我想用等离子体分形生成随机地形。我在网上浏览,想找到一个解决方案,可以帮助我在我的特殊问题,但没有找到任何东西。事实上,我生成了简单的等离子体分形,它看起来像这样:
下面是分形的图片:
分形是不完美的,因为有看到的正方形,但我的老师接受。生成这种分形的算法是,给定一个输入正方形,我通过在每一个正方形边的中间插入四个点,然后在中心插入一个点,将它分割成更小的正方形,从而创建4个新的正方形。每一个新生成的顶点都有其颜色值,它是一个范围为[0,255]的浮点,该浮点使用特殊的公式进行计数。我现在有一个任务,使用这个分形生成随机地形,并且知道每个点的高度与计数的颜色值成正比。我的问题是,我试图用生成的方块角坐标来绘制四边形,但我的四边形并不相连(有些地方,两个四边形边缘的高度如此不同,以至于它们之间出现了一个间隙)。
下面是我的地形图:
下面是我生成这个地形的代码:
#include <iostream>
#include "glut\glut.h"
#include <stdlib.h>
#include <vector>
#include <algorithm>
#include <fstream>
int window_width = 600, window_height = 600;
typedef float point2d[2];
struct vertex;
struct square;
std::vector<square> sq; // generated squares
// represents the vertex in 2 D
struct vertex
{
point2d pos;
float c;
};
// represents square in 2D
struct square
{
square() {}
square(vertex x, vertex y, vertex z, vertex w) : a(x), b(y), c(z), d(w)
{
this->x = abs(y.pos[0] - x.pos[0]);
}
vertex a, b, c, d;
float x; // length of the side of the square
};
// deklaracje funkcji glut:
void display_scene();
void reshape(GLsizei width, GLsizei height);
void key_pressed(unsigned char key, int x, int y);
// helper function used when counting color of
// newly generated verticle (point)
float W(float x)
{
return (-1.0 / window_width)*x + (float)(1.0 / 2.0);
}
// the same as above but for middle point
float Wc(float x)
{
return ((-1.0 / 1200.0f)*x + (float)(1.0 / 2.0)) / 2;
}
// converts value of range [0.0, 255.0] to
// the numeber of range [0.0, 1.0]
float rgb_to_float(float rgb)
{
return (1.0f / 255.0f) * rgb;
}
// gets color for a vertex based on the newly created
// square's side length x
float get_color(float c1, float c2, float x)
{
int c_prim = (rand() % 256); // draw any number of range [0, 255]

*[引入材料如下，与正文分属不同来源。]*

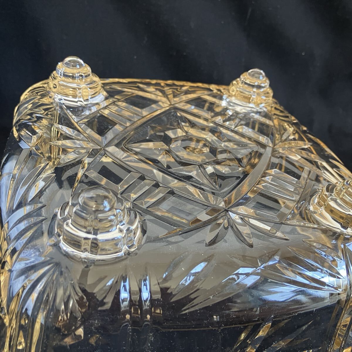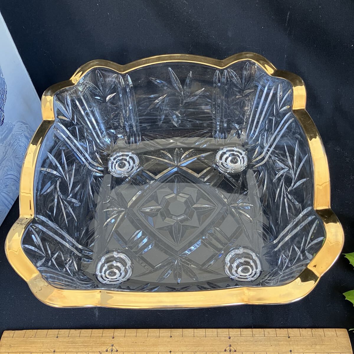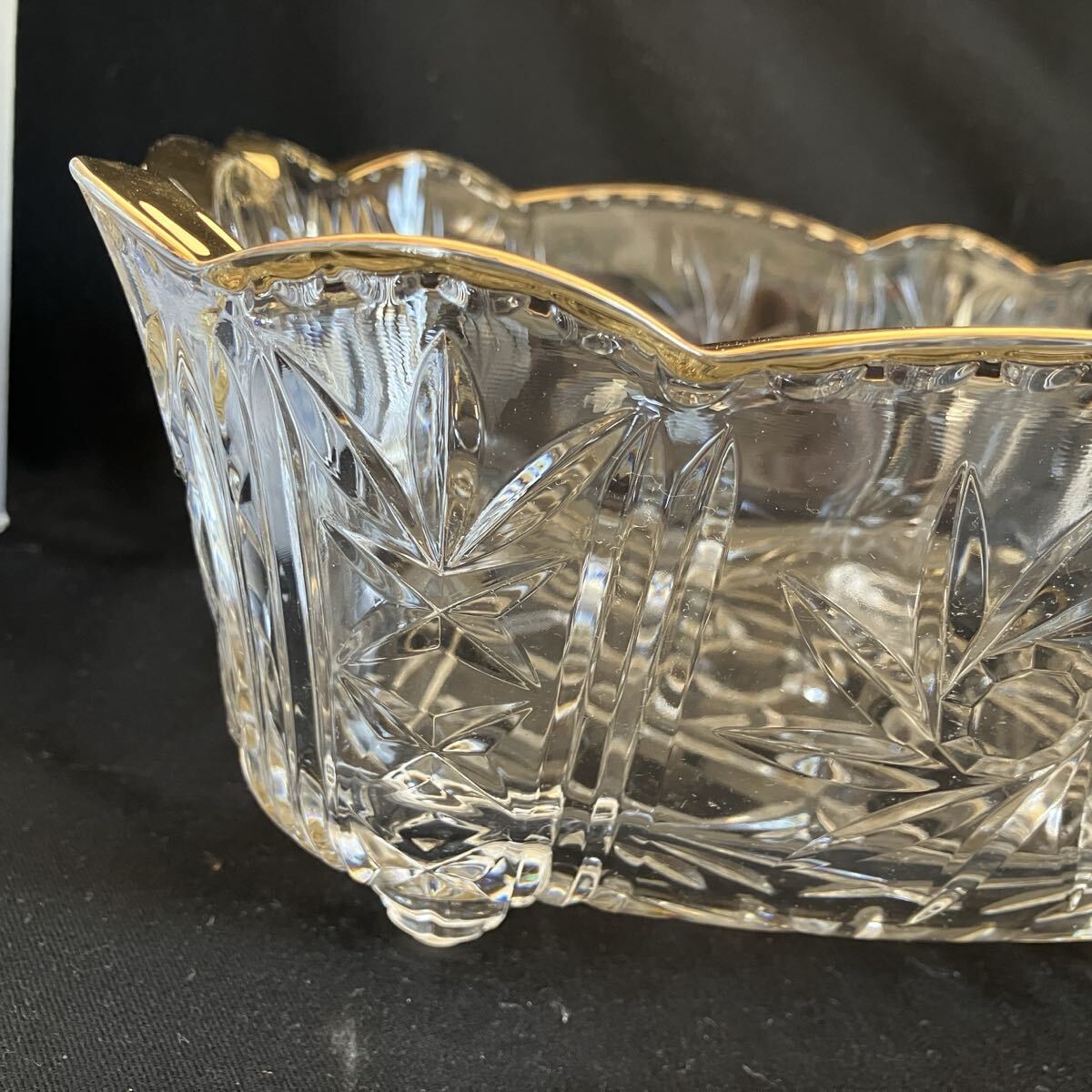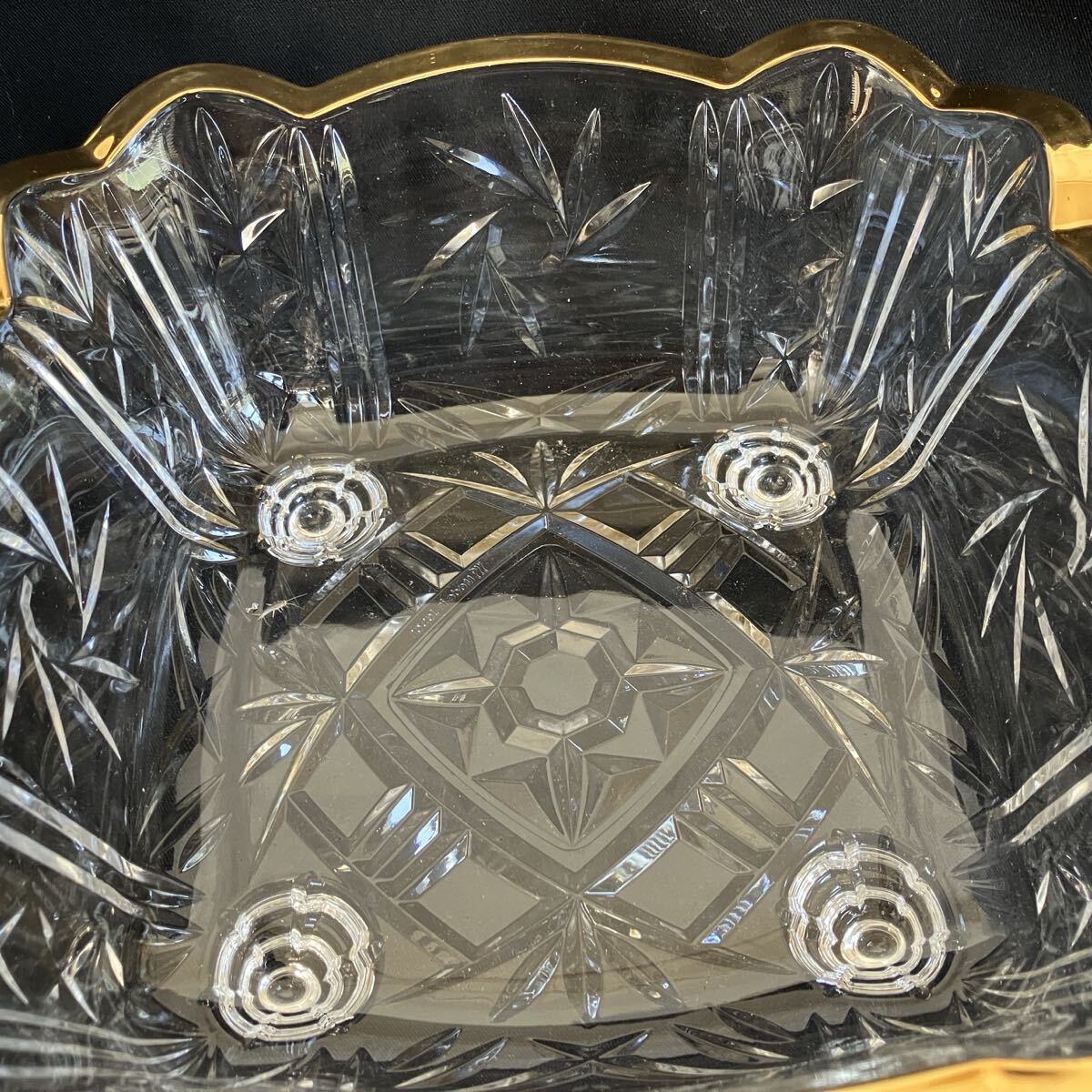 厚みのあるガラスの、カット模様と金色の縁取りが美しい食器です。

float w = W(x); // count helper function for given side length
return (1 - 2 * w) * c_prim + c1*w + c2 * w; // color is the result of such equation
}
// similarly for the center point
float get_middle_color(float c1, float c2, float c3, float c4, float x)
{
int c_prim = rand() % 256;
float w = Wc(x);
return (1 - 4 * w)*c_prim + w*c1 + w*c2 + w*c3 + w*c4;
}
// each time the function is invoked five new points
// are counted by which the current square is divided
// so that 4 new squares are created. Four points are
// in the middle length of the side of the square that is
// currently processed and the fifth is in the center of it
// and that brings 4 new squares. The action is repeated for
// each square in the input vector sq.
std::vector<square> divide_square(std::vector<square> sq)
{
vertex c12, c23, c34, c41, cc; // newly generated points
std::vector<square> new_squares; // newly created squares go there
float x = sq[0].x / 2; // length of new squares is half of the length of the original one
// for each square in input vector do the dividing operation
for (int i = 0; i < sq.size(); i++)
{
// initializing new vertices on the sides of old square
c12.pos[0] = sq[i].a.pos[0] + x; c12.pos[1] = sq[i].a.pos[1];
c23.pos[0] = sq[i].b.pos[0]; c23.pos[1] = sq[i].b.pos[1] + x;
c34.pos[0] = sq[i].d.pos[0] + x; c34.pos[1] = sq[i].d.pos[1];
c41.pos[0] = sq[i].a.pos[0]; c41.pos[1] = sq[i].a.pos[1] + x;
// ... and the center one:
cc.pos[0] = c12.pos[0]; cc.pos[1] = c23.pos[1];
// counting color based on above formulas
c12.c = get_color(sq[i].a.c, sq[i].b.c, x); c23.c = get_color(sq[i].b.c, sq[i].c.c, x);
c34.c = get_color(sq[i].c.c, sq[i].d.c, x); c41.c = get_color(sq[i].a.c, sq[i].d.c, x);
cc.c = get_middle_color(sq[i].a.c, sq[i].b.c, sq[i].c.c, sq[i].d.c, x);
// generating and adding four newly generated squares to the container of squares for further processing
square s1(sq[i].a, c12, cc, c41);
square s2(c12, sq[i].b, c23, cc);
square s3(cc, c23, sq[i].c, c34);
square s4(c41, cc, c34, sq[i].d);
new_squares.push_back(s1); new_squares.push_back(s2);
new_squares.push_back(s3); new_squares.push_back(s4);
}
return new_squares;
}
// dynamic two-dimensional array representing matrix for storing all
// generated squares (this array should be ordered
// in such way that each row "i" contains 256 squares
// which A vertex has Y coordinate equal to "i"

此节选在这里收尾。